August 2005 - Balasundar danced away to win the first prize at the ‘Children’s Mela’ held recently to celebrate the Independence Day of India. He performed blindfolded, but never once missed his step, or the beat! In Vellapalam (Tamil Nadu), a coastal fishing village close to Nagapattinam, Balasundar’s talent in art, music and dance, is visible to his friends, family and teachers. What makes this year’s Independence Day particularly special for this thirteen-year-old is that it marks his return to school after a year away from books and classroom, from classmates and games.
When his mother hurt her leg and found it difficult to manage the housework and small children, Balasundar was taken out of school to help in household chores such as cooking, caring for the babies, carrying water, cleaning fish and cutting vegetables.

Vellapalam is one of the fifty-three villages affected by the tsunami in December 2004, whose children are familiar with the hardships faced by the fishing community. Even before the disaster struck, their lives were often thrown into turmoil by illness and poverty. Balasundar, the eldest in his family, has a younger brother and five younger sisters. A sixth sister perished in the tsunami. When his mother hurt her leg and found it difficult to manage the housework and small children, Balasundar was taken out of school to help in household chores such as cooking, caring for the babies, carrying water, cleaning fish and cutting vegetables. His younger brother Dhanasekhar was taken out of school too, to accompany his father on the fishing boats.

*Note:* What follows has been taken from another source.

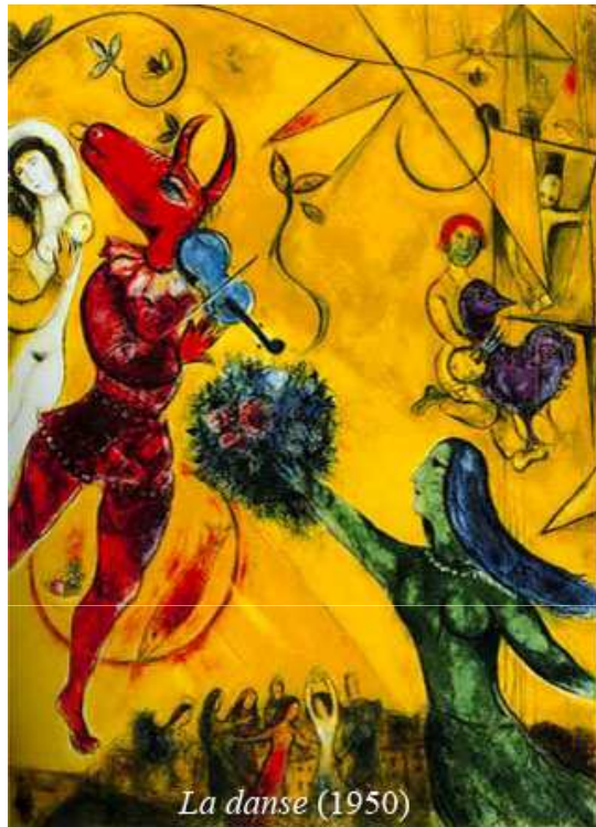
La danse (1950)

Comme Chagall aimait beaucoup la musique, les tableaux prennent souvent un petit air de fête grâce au bouc qui joue du violon , la chèvre du violoncelle ou bien la petite poule au tambour.

Kannan, another thirteen-year-old who has also accompanied his father on the boats, reveals what this can be like, “At first you feel quite sick. Afterwards, it becomes easier. But the fiberglass boats are very hot. They really heat up under the sun…spending two or three days out at sea is hard. We feel thirsty, and hungry, but we went when we had to,” says Dhanasekhar, Balasundar’s brother.

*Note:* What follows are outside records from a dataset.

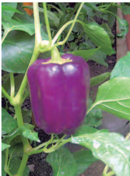
Doma ima tudi vijolične paprike.

bolj trpežne, vseč so tudi moji mami, dodam pa potem kakšno novo rožo. Doslej mi je še vse uspevalo. Tudi letos mi lepo rastejo. Imam zmajeva krila, sladke krompir, moljevke, drobnocvetne kasije, viseče abutilone in še bi se našlo,” pojasni. Ker doma nima dovolj prostora, prezimi le tiste trajnice, ki so bolj redke, večino pa vsako leto kupi na novo. ”Pozimi narišem zasaditev, spomladi grem najprej v vrtnarijo pogledat, če imajo kaj novega, potem pa v nakup. Rože doma zasadi sam,” je dejal.
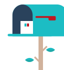
Spedizioni via posta
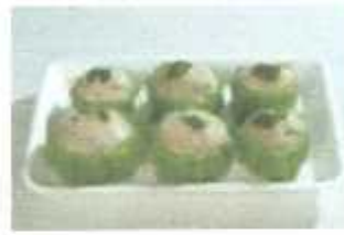
Shrimp Paste With Bitter Melon
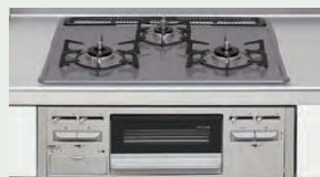
ホーロートップコンロ (3口/60cm)
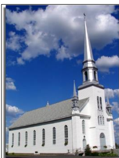
Sainte-Sabine 418-625-3381 #403
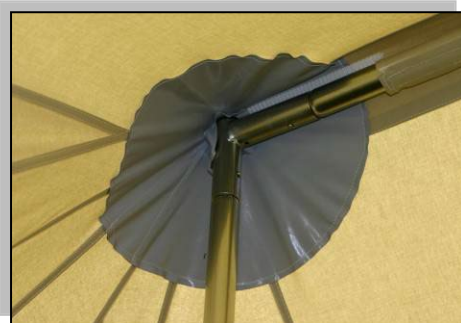
Mittelstangen in Rahmenkonstruktion ohne Ösen im Firstbereich!

Now housed in the temporary shelters provided by the government after their houses were destroyed by the tsunami, these three boys have returned to school and are enjoying being with their friends, happy to have lessons as well as games. Kannan and his parents were away in another village when the tsunami hit their homes in Vellapalam. When he returned home after the tsunami, “All was clay,” as he describes it. Slowly, the family began rebuilding their lives, but school was still not the highest priority. It was when the children used to play ‘Kabaddi’ in the open ground next to the village in the evenings, that they met ‘Sakthi Sir’ a facilitator from People’s Development Association, one of UNICEF’s partners in post-tsunami work in the region.

© UNICEF/India/Bail/2005
Inside Balasundar and Dhanasekhar's home

“Sakthi Sir really explained what school was,” recalls Balasundar. “He would play Kabaddi with us, and always spoke in a jolly manner. He made us realise what we were missing by staying away from school.” Kannan agrees, “Coming back to school was a really good thing. Only in the beginning, the lessons were a little difficult, but the teachers took extra trouble over us. Now we are with the rest of the class. Sakthi Sir made us interested in school again.”

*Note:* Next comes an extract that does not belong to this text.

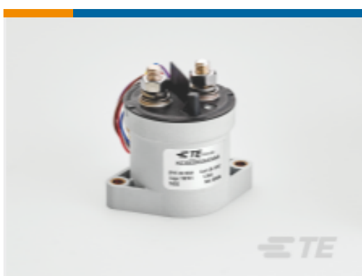
TE 产品编号1618408-5 KCS03X024EAAA=CONTACTOR, CURRENT SENSE

‘Sakthi’, whose real name is Sathyamurthy, is only one out of a few hundred young men and women working as facilitators among the affected coastal villages around Nagapattinam. These dedicated individuals inspire children and their families to help them return to school, and run evening ‘Child Development Centres’ where children relax with games, songs and snacks before being helped with studies and homework. They also help organise cultural activities and sports in schools, bringing relief to hard working teachers. All their efforts are designed to sustain children’s attendance in schools after enrollment, so that any ill effects of a break in studies can be overcome, and children who have dropped out can resume school as smoothly as possible.
“Coming back to school was a really good thing. Only in the beginning, the lessons were a little difficult, but the teachers took extra trouble over us."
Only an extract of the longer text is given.